Ever since Matt Douglas joined the Mountain Goats for Beat the Champ, their live sound has only grown.  Having seen the emo-giants The World is a Beautiful Place & I am No Longer Afraid to Die play with a brass band the night before and Douglas with the Mountain Goats, I’ve come to the conclusion that every band should add brass instruments to their line-up.  The songs from Goths would lack their complete feeling, and the added textures help to build the old songs into more interesting additions to the Mountain Goats’ repertoire.  On a purely instrumental level, the Mountain Goats were a machine.  Darnielle showed off how much better he’d gotten as a guitarist, by playing a few solos on his Gibson Explorer.  Peter Hughes held down the low end while gracing the New York audience with some fluid stage presence.  Also, Jon Wurster is a machine, and there are few other drummers in rock music today that could rival him.

For the first few dates of this tour the Mountain Goats have stuck to a relatively similar setlist, sometimes mixing up the encore and Darnielle mixing things up for his solo-set.    The beginning of the set mostly followed the same feeling of the first few dates, but following “Until I Am Whole,” Darnielle announced, “Hold on for one moment, we just need to do some staging, but it’ll be worth it.”  Darnielle told all of us about reading about the historic Batcave venue in London, followed by the hat trick of “Rain in Soho,” a cover of Sisters of Mercy’s “Lucretia My Reflection,” and Darnielle’s ode to The Sisters of Mercy’s frontman “Andrew Eldritch is Moving Back to Leeds.”  While “Andrew Eldritch” was one of the weaker cuts from Goths, it was certainly a joy to see the crowd bopping along with it right after “Lucretia.”

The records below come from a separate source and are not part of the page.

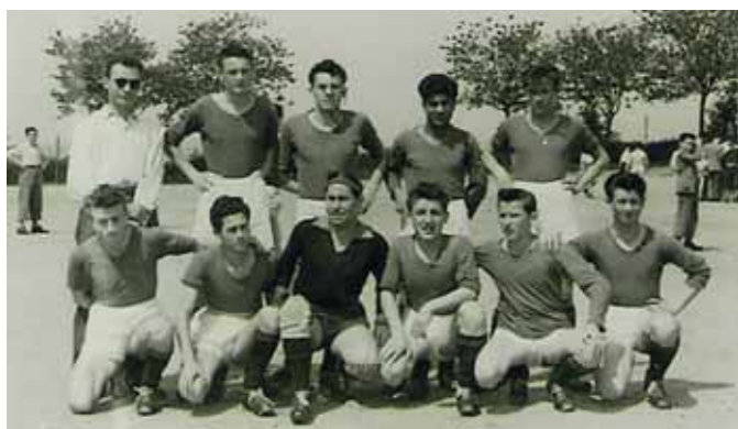
Squadra Nazionale di Calcio del Collegio di Torino anni 1951 - 1952"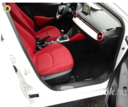
✓ Kárpitozás és belső burkolatok Egyéb -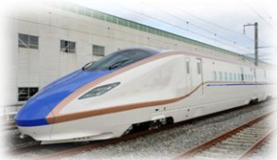
もっと知りたい! 北陸新幹線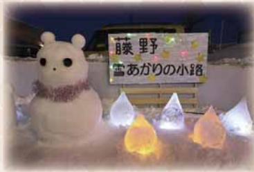
藤野雪あかりの小路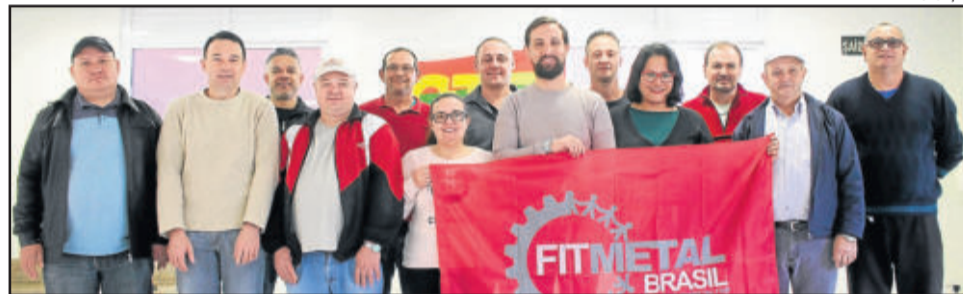
Com chapa única venceu o lema "Fortalecer nossa luta e nossos direitos"

compromisso é fortalecer a cada dia nosso sindicato e lutar pelos direitos da categoria, mas também pelos direitos específicos das mulheres trabalhadoras, que além de cumprir com sua jornada nas empresas, ainda cuidam da família, estudam, enfim, são guerreiras que devem receber toda nossa atenção no sentido de ampliar conquistas por mais igualdade, melhores condições de trabalho e salário, contra o machismo, a violência e a opressão", explica.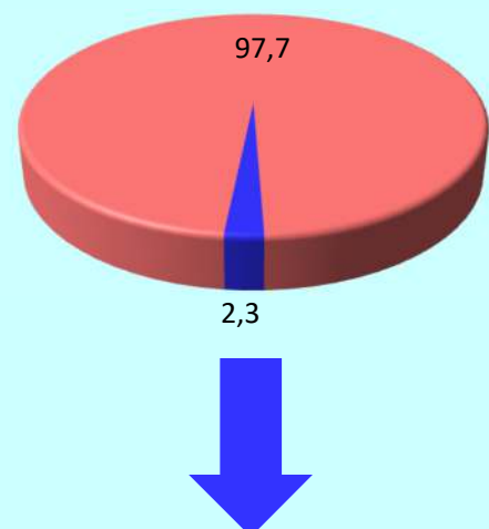
REGIÓN ÁNCASH: TRABAJADORES DEL SECTOR FORMAL PRIVADO EN SITUACIÓN DE TELETRABAJO SEGÚN CONDICIÓN MIXTO O COMPLETO, MAYO 2020 (Porcentaje)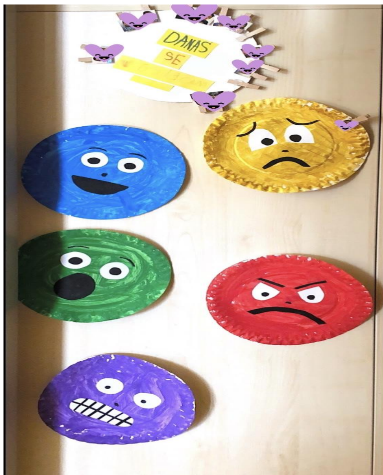
Slika 4 – „Danas se osjećam..“

Odgojiteljica procjenjuje kako je djevojčičina razina dobiti u aktivnosti visoka jer djevojčica pokazuje očigledne znakove zadovoljstva sudjelovanjem u aktivnosti, no zadovoljstvo nije bilo prisutno tijekom cijele aktivnosti. Razina uključenosti djevojčice u aktivnost je visoka. Postoje jasni znakovi uključivanja djevojčice u aktivnost, no oni nisu uvijek prisutni.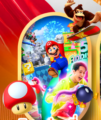
อิสระท่องเที่ยว หรือเลือกซื้อทัวร์เสริม USJ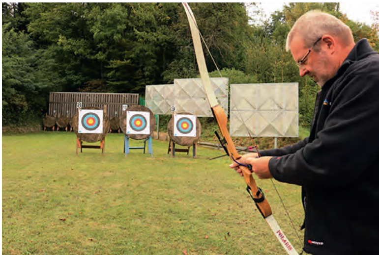
Pfeil einlegen, spannen, zielen, loslassen - und treffen! Auch Bogenschießen war beim Preisschießen angeboten.

Schützenverein freut sich über regen Zulauf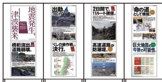
東日本大震災パネル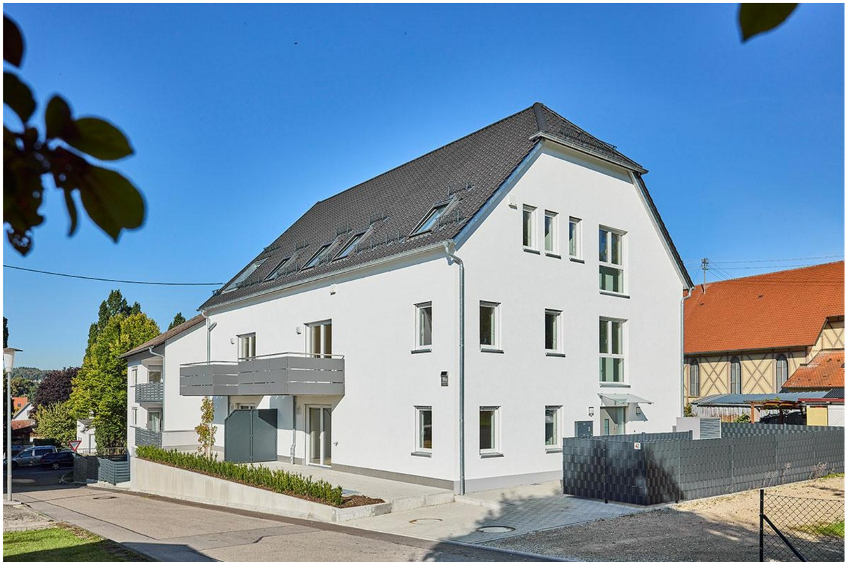
Blick auf den Neubau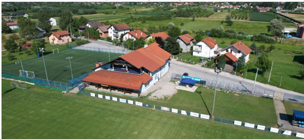
Slika 1. Donja Bistra – nogometno igralište SRC Bistra

nogometnim stadionima i igralištima Općina Bistra imala je rashode za održavanje nogometnih igrališta u svom vlasništvu odnosno režijske troškove sportskih objekata.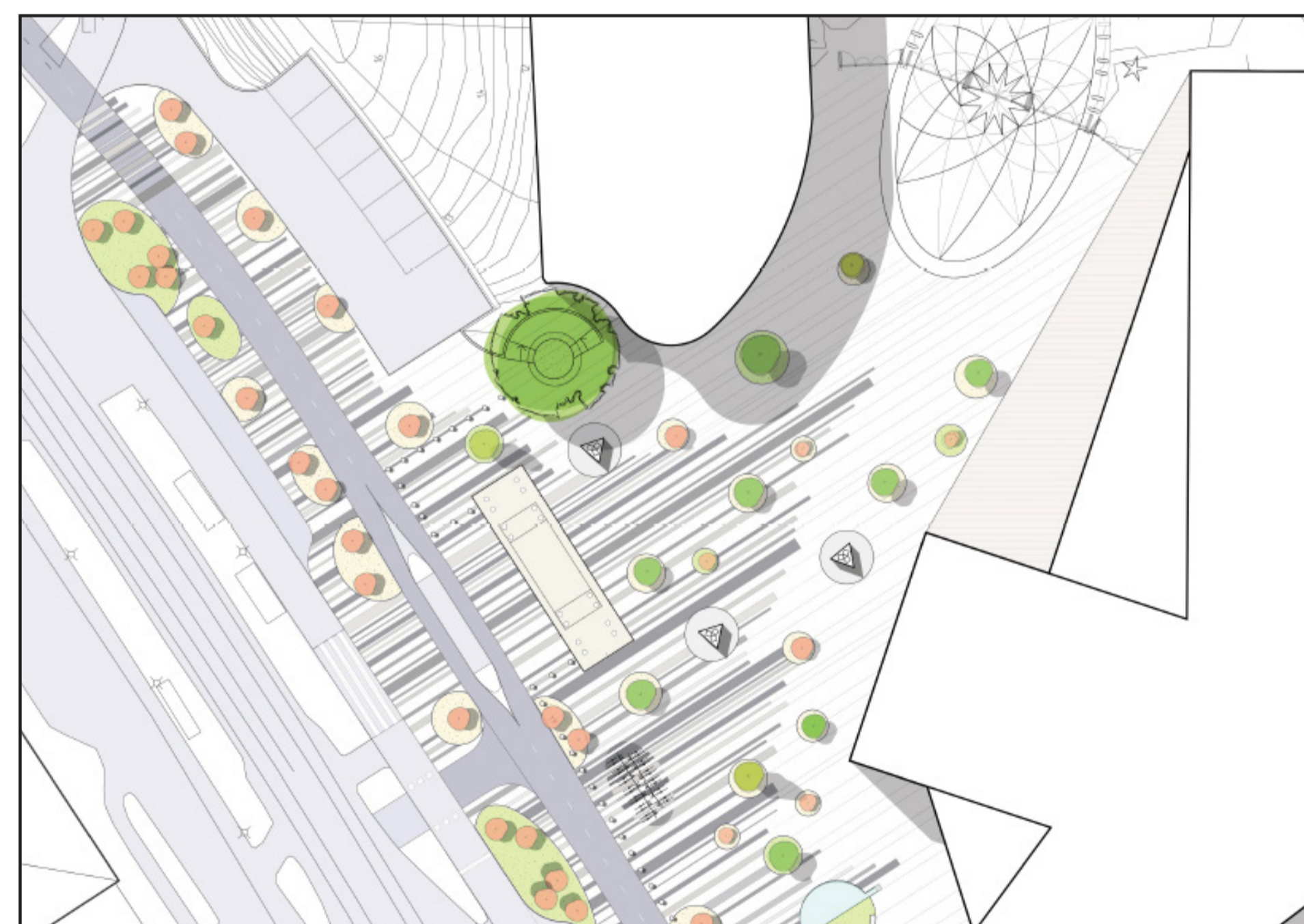
Exempel på utformning av platsbildningar längs Mölndalsvägen med aktuell parkeringsyta i bildens nordvästra hörn. Illustration gjord av COWI.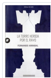
TORRE HERIDA POR EL RAYO ARRABAL, FERNANDO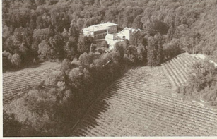
Villa Margon tra boschi e vigneti.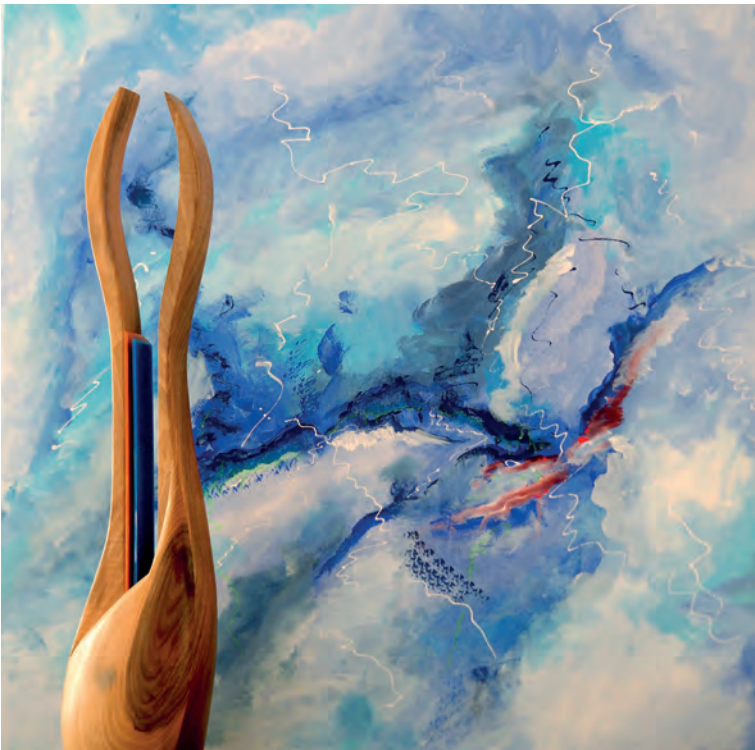
Jeanwehr | Richard Rohart

vernissage jeudi 2 juin 2022 | 16h – 20h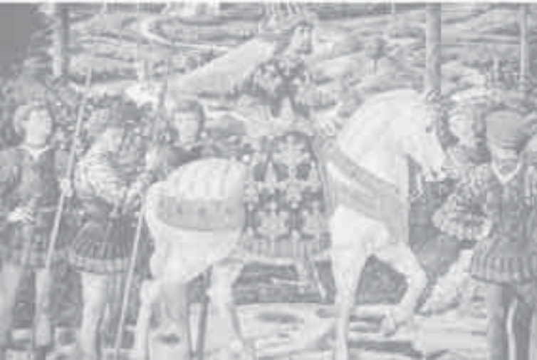
3- غوزولي، مشهد من سجود المجوس.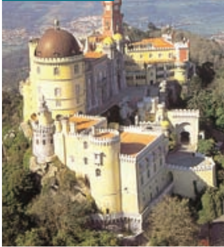
Palácio da Pena, Sintra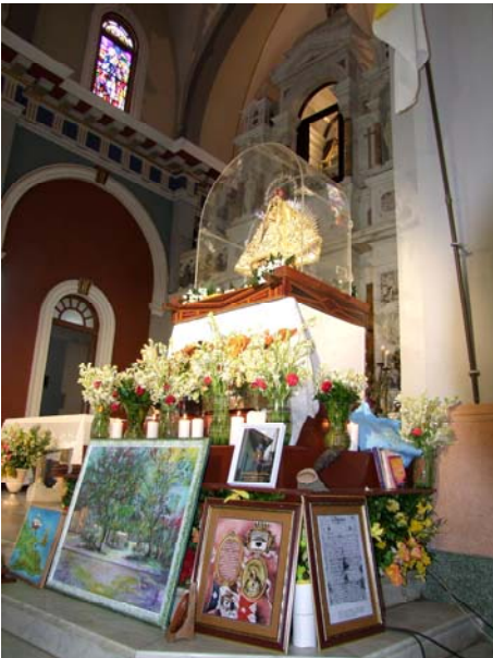
Ofrendas de las provincias cubanas a la Virgen

Será también la oportunidad para las personas que han hecho alguna promesa a la Virgen y, o porque son mayores o enfermas, están imposibilitadas a ir al Cobre, puedan cumplir su promesa delante de la Virgen Peregrina, con la disposición de ir al Cobre si las condiciones que le impiden cum-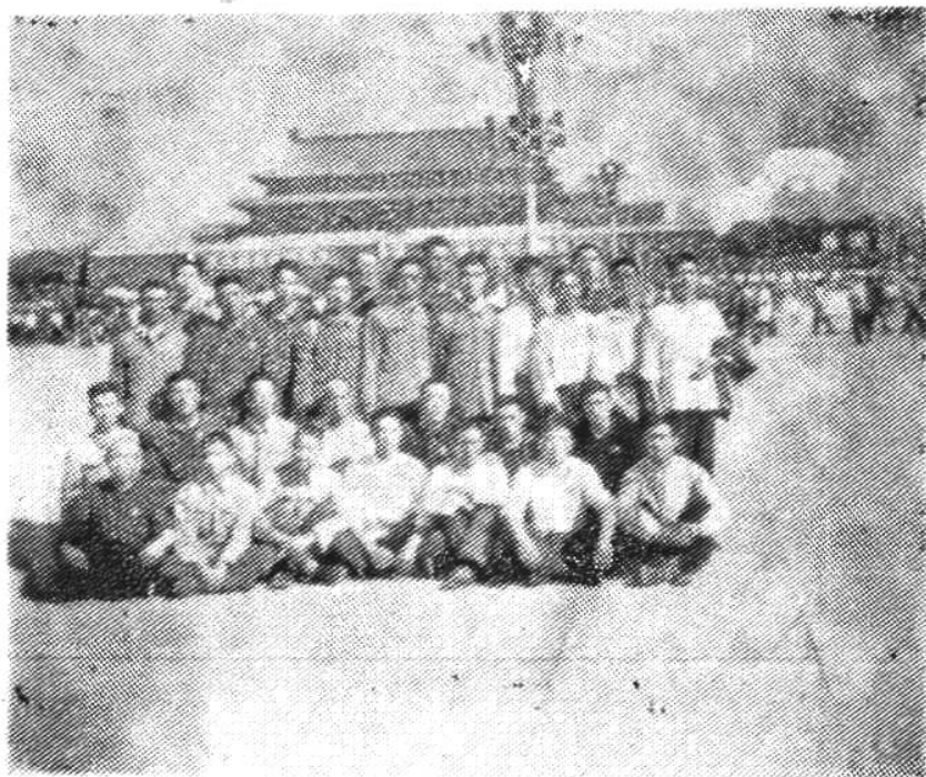
学习「二穴治结」人员在京合影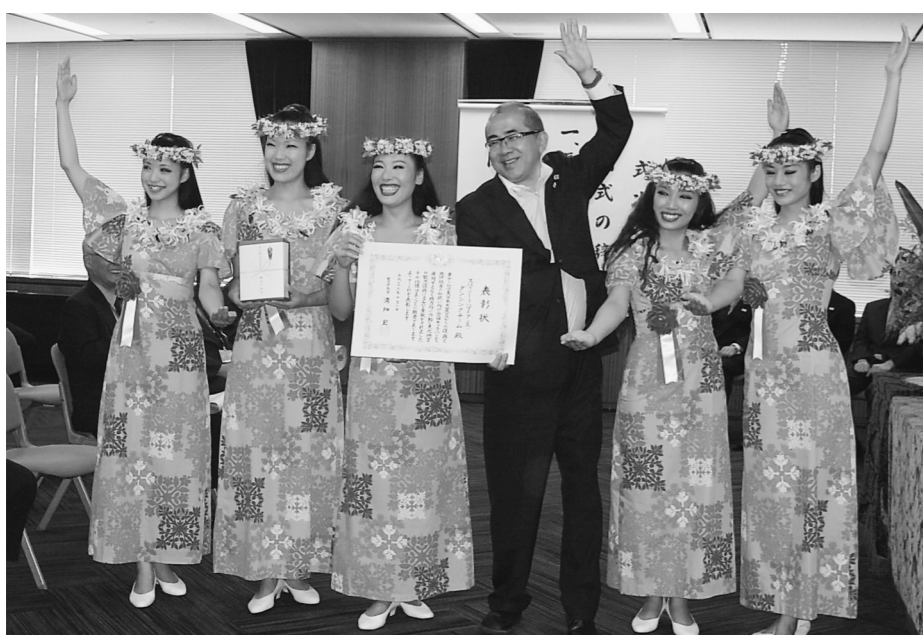
スパリゾートハワイアンズのダンシングチーム「フラガール」が観光振興への貢献で今年度の観光庁長官表彰を受ける(10月8日付)

Darnielle’s solo set was an easy highlight for the evening.  He kicked things off with “Autoclave,” a song that’s easy to pour emotions into when you haven’t had the most luck in your love-life.  Darnielle’s upper-register is piercing throughout the third-verse, and it sets the mood perfectly as he begins, “I dreamt that I was perched atop a throne of human skulls…”  After tuning, Darnielle promised a song about one of his infamous doomed couples.  “This people really thought they had a chance, but I took it away from them,” Darnielle warned before playing the beautiful “Moon Over Goldsboro.”  This is the type of song that only a fanbase as loyal as the Mountain Goats’ could watch in a live setting.  It’s such a quiet, wonderful song, and having an audience with paralyzing attention gives it all it demands.  Darnielle could sense this as he introduced the unreleased “Poltergeist” with “Wow, you guys are really down with the dark ones tonight.”  While most audiences rely on familiarity to enjoy a show,  the Mountain Goats are so lyrically forward that you can hear a new song for the first time at a show, and leave with a new favorite song.  Even though “Poltergeist” is unreleased, it’s unbelievable catchiness, and resentful lyrics made it a crowd favorite.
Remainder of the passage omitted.